WHAT TO DO ->
Starting at the line below holding "Готовая домашняя работа" and stopping at the line holding "宣讲会上,天禾农资培训发展专", print every line exactly, both ends included, and leave the rest out.

EXERCISE MATERIAL ->
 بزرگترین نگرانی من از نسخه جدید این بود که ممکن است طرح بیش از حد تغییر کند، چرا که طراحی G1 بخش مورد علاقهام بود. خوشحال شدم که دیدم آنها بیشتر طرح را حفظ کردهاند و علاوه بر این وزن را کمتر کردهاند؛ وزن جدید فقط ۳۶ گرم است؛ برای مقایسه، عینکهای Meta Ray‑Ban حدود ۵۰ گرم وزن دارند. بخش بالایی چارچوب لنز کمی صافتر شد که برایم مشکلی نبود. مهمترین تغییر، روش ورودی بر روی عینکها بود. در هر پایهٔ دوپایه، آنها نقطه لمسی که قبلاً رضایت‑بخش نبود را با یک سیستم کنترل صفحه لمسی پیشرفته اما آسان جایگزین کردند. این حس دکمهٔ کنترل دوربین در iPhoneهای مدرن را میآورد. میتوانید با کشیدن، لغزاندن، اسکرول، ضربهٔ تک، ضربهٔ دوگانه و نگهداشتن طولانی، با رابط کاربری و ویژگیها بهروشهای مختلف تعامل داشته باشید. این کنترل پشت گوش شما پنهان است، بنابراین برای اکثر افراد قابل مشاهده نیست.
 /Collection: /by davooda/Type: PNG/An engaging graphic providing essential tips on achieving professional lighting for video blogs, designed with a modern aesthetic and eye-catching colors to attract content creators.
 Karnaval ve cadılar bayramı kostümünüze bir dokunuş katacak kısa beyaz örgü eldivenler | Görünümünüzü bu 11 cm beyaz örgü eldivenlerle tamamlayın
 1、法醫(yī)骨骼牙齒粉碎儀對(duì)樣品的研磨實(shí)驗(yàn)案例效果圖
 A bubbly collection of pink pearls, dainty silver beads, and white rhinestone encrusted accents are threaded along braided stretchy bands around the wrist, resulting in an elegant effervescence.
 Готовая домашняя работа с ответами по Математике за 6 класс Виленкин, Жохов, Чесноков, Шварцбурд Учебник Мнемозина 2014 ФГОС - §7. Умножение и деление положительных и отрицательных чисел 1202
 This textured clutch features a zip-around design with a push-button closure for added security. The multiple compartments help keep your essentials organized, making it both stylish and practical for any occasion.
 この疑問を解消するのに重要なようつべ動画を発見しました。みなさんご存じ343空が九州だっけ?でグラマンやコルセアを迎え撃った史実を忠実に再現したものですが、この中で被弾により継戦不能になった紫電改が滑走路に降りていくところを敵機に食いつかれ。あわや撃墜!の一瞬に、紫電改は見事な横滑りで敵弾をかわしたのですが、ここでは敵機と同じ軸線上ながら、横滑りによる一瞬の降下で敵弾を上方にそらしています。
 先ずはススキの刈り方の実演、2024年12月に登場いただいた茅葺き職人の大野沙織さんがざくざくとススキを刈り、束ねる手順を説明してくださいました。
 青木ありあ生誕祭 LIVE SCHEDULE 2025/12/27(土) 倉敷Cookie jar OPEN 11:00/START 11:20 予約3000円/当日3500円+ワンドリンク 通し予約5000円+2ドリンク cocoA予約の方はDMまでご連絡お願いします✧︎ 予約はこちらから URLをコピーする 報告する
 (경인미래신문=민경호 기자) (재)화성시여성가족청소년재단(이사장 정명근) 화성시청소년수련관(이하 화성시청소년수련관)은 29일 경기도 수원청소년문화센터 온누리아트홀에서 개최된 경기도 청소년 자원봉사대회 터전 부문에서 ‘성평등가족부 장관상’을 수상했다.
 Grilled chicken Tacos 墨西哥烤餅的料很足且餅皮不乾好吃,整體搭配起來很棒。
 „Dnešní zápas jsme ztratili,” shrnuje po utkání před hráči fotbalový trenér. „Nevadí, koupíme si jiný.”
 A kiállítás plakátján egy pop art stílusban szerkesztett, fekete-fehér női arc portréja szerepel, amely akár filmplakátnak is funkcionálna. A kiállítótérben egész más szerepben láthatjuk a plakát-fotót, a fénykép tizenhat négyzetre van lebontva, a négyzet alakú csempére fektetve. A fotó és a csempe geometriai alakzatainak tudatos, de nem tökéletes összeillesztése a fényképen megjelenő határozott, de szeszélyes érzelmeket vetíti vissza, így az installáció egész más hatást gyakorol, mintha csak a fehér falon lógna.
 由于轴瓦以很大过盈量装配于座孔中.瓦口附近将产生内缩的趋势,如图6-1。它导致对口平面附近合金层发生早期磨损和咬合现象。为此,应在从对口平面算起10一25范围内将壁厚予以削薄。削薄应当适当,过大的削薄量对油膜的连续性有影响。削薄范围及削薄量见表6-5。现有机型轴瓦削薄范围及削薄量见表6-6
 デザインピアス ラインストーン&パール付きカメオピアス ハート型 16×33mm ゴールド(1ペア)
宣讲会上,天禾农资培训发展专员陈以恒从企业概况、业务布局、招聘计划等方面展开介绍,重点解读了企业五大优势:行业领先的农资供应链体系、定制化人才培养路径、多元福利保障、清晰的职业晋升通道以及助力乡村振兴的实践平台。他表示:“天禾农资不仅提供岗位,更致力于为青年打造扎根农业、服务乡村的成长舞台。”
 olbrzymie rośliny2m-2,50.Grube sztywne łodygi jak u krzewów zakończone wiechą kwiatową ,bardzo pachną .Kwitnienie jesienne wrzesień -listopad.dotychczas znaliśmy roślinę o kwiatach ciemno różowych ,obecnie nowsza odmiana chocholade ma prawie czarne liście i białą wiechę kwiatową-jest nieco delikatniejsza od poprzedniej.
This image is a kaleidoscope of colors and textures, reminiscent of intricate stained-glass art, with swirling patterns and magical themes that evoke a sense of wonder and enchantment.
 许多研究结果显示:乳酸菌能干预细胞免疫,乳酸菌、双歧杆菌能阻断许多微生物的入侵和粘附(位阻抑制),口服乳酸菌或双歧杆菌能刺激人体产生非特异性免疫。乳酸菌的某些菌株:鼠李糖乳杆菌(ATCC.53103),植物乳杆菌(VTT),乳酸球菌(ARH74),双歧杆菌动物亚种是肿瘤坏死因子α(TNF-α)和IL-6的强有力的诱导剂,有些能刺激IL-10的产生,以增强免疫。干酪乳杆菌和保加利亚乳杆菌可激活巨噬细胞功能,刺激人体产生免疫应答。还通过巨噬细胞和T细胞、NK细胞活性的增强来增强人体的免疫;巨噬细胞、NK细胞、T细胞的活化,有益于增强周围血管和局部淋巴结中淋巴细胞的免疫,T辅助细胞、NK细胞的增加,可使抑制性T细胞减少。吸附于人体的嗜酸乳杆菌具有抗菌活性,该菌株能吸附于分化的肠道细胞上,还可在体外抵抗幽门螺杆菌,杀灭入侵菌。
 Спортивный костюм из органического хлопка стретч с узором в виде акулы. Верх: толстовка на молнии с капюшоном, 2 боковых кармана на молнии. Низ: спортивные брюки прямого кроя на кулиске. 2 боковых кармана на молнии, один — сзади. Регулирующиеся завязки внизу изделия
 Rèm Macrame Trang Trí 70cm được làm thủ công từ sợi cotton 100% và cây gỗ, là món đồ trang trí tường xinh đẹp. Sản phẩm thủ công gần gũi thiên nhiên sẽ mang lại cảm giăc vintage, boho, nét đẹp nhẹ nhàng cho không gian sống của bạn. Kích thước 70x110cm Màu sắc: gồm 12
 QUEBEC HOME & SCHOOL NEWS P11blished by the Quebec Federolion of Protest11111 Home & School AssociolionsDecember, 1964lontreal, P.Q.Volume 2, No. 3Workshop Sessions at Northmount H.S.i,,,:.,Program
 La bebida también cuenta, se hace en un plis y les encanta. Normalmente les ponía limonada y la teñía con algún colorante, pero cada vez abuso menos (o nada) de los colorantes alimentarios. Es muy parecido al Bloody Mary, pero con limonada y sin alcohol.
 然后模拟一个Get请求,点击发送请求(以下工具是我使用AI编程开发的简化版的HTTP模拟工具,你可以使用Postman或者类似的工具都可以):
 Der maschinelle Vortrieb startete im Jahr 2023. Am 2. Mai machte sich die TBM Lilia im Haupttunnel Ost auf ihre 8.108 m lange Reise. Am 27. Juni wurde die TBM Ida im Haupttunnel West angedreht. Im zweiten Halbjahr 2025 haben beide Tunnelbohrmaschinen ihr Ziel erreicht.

RESULT ->
 Готовая домашняя работа с ответами по Математике за 6 класс Виленкин, Жохов, Чесноков, Шварцбурд Учебник Мнемозина 2014 ФГОС - §7. Умножение и деление положительных и отрицательных чисел 1202
 This textured clutch features a zip-around design with a push-button closure for added security. The multiple compartments help keep your essentials organized, making it both stylish and practical for any occasion.
 この疑問を解消するのに重要なようつべ動画を発見しました。みなさんご存じ343空が九州だっけ?でグラマンやコルセアを迎え撃った史実を忠実に再現したものですが、この中で被弾により継戦不能になった紫電改が滑走路に降りていくところを敵機に食いつかれ。あわや撃墜!の一瞬に、紫電改は見事な横滑りで敵弾をかわしたのですが、ここでは敵機と同じ軸線上ながら、横滑りによる一瞬の降下で敵弾を上方にそらしています。
 先ずはススキの刈り方の実演、2024年12月に登場いただいた茅葺き職人の大野沙織さんがざくざくとススキを刈り、束ねる手順を説明してくださいました。
 青木ありあ生誕祭 LIVE SCHEDULE 2025/12/27(土) 倉敷Cookie jar OPEN 11:00/START 11:20 予約3000円/当日3500円+ワンドリンク 通し予約5000円+2ドリンク cocoA予約の方はDMまでご連絡お願いします✧︎ 予約はこちらから URLをコピーする 報告する
 (경인미래신문=민경호 기자) (재)화성시여성가족청소년재단(이사장 정명근) 화성시청소년수련관(이하 화성시청소년수련관)은 29일 경기도 수원청소년문화센터 온누리아트홀에서 개최된 경기도 청소년 자원봉사대회 터전 부문에서 ‘성평등가족부 장관상’을 수상했다.
 Grilled chicken Tacos 墨西哥烤餅的料很足且餅皮不乾好吃,整體搭配起來很棒。
 „Dnešní zápas jsme ztratili,” shrnuje po utkání před hráči fotbalový trenér. „Nevadí, koupíme si jiný.”
 A kiállítás plakátján egy pop art stílusban szerkesztett, fekete-fehér női arc portréja szerepel, amely akár filmplakátnak is funkcionálna. A kiállítótérben egész más szerepben láthatjuk a plakát-fotót, a fénykép tizenhat négyzetre van lebontva, a négyzet alakú csempére fektetve. A fotó és a csempe geometriai alakzatainak tudatos, de nem tökéletes összeillesztése a fényképen megjelenő határozott, de szeszélyes érzelmeket vetíti vissza, így az installáció egész más hatást gyakorol, mintha csak a fehér falon lógna.
 由于轴瓦以很大过盈量装配于座孔中.瓦口附近将产生内缩的趋势,如图6-1。它导致对口平面附近合金层发生早期磨损和咬合现象。为此,应在从对口平面算起10一25范围内将壁厚予以削薄。削薄应当适当,过大的削薄量对油膜的连续性有影响。削薄范围及削薄量见表6-5。现有机型轴瓦削薄范围及削薄量见表6-6
 デザインピアス ラインストーン&パール付きカメオピアス ハート型 16×33mm ゴールド(1ペア)
宣讲会上,天禾农资培训发展专员陈以恒从企业概况、业务布局、招聘计划等方面展开介绍,重点解读了企业五大优势:行业领先的农资供应链体系、定制化人才培养路径、多元福利保障、清晰的职业晋升通道以及助力乡村振兴的实践平台。他表示:“天禾农资不仅提供岗位,更致力于为青年打造扎根农业、服务乡村的成长舞台。”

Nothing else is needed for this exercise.